The courageous hunger strike by California prisoners has involved 12,000 prisoners in prisons across the state. Originating from Security Housing Units (SHUs) and Administrative Segregation Units (Ad-Seg and ASU) across California. Prisoners held at Pelican Bay State Prison and Calipatria, the main centers of resistance, as well as those in Centinela, Corcoran, Ironwood, Kern Valley, North Kern, Salinas Valley, California Rehabilitation Center in Norco, Pleasant Valley State Prison, San Quentin as well as West Valley Detention Center in San Bernadino County are currently participating. More than 3,000 California prisoners held in out-of-state facilities in Arizona, Mississippi and Oklahoma have also refused food.

Family members of striking SHU prisoners reported that their visits are being denied by the California Department of Corrections and Rehabilitation (CDCR). Some were told they would not be permitted to visit as long as the strike continues. This is an effort to break the firm unity of prisoners, families and all those standing with the prisoners. It is to further isolate the prisoners and prevent reports on their conditions and spirit of resistance. Many also anticipate violence by prison officials, which prisoners then will be unable to report to family members. This is also no doubt why lawyers for the prisoners have also been banned by prison officials.

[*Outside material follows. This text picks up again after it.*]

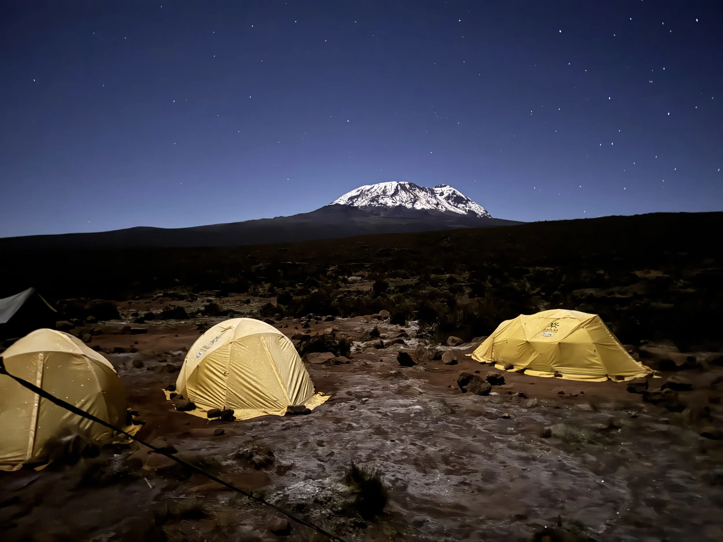 Shira Camp was much more exposed, the air biting and sharp. We finally pulled out hats, gloves, fleece socks, and sleeping bag liners. Phones and batteries went inside our bags to keep them from freezing.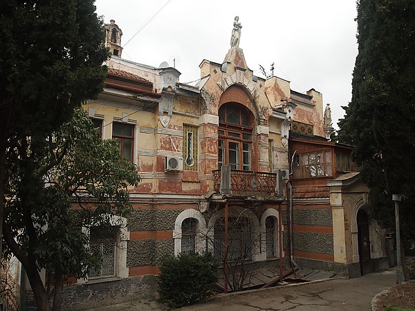 При проектировании и строительстве архитектор дал волю фантазии: размещённые на фасаде два вензеля-монограммы, с немецкими буквами «О» и «W» (первые буквы своих имени и фамилии), металлический герб на балконной решётке с изображением треугольника, циркуля, линейки и транспортира (некоторые усматривают в нём масонскиую символику[5]), небольшие декоративные окна в фоме градусника или замочной скважины, изящная печная труба, в архитектурных деталях некоторых углов особняка просматривается человеческая голова. Особый интерес исследователей вызывают скульптуры, украшающие крышу дома. По одной из версий, гипсовые скульптуры предназначались для парка и ограды Массандровского дворца, но, из-за перегруженности садово-парковой пластикой, оказались не нужны[6], и Вегенер каким-то образом заполучил их для своего дома. Но дело в том, что установленные в парке дворца гипсовые скульптуры пришли в негодность уже в 1910 году, а вегенеровские невредимы по сей день, поэтому высказывают предположение, что изготовлены они из высококачественного цемента, либо искусственного камня[3]. Бытуют версии, что скульптуры сделаны из белого мрамора[4], или же в самом деле гипсовые[5].

The prisoners resumed their hunger strike on September 26 after the CDCR failed to address demands made when prisoners initially went on strike for almost the entire month of July. The people in the various prisons are reporting heightened levels of intimidation and retaliation from prison officials since July. Despite this, thousands are participating in the current strike, demanding their rights.

Mediators who met with hunger strike representatives at Pelican Bay, one of whom had been transferred to Corcoran due to the strike, confirmed October 13 that prisoners there have decided to stop their hunger strike after nearly 3 weeks. The prisoners have cited a memo from the CDCR detailing a comprehensive review of every Security Housing Unit (SHU) prisoner in California whose SHU sentence is related to gang validation. The review will evaluate the prisoners’ gang validation under new criteria and could start as early as the beginning of next year. “This is something the prisoners have been asking for and it is the first significant step we’ve seen from the CDCR to address the hunger strikers’ demands,” says Carol Strickman, a lawyer with Legal Services for Prisoners with Children, “But as you know, the proof is in the pudding. We’ll see if the CDCR keeps its word regarding this new process.” The Pelican Bay prisoners also expressed their firm stand that if CDCR again refuses to take action, as occurred since July, they will resume their strike.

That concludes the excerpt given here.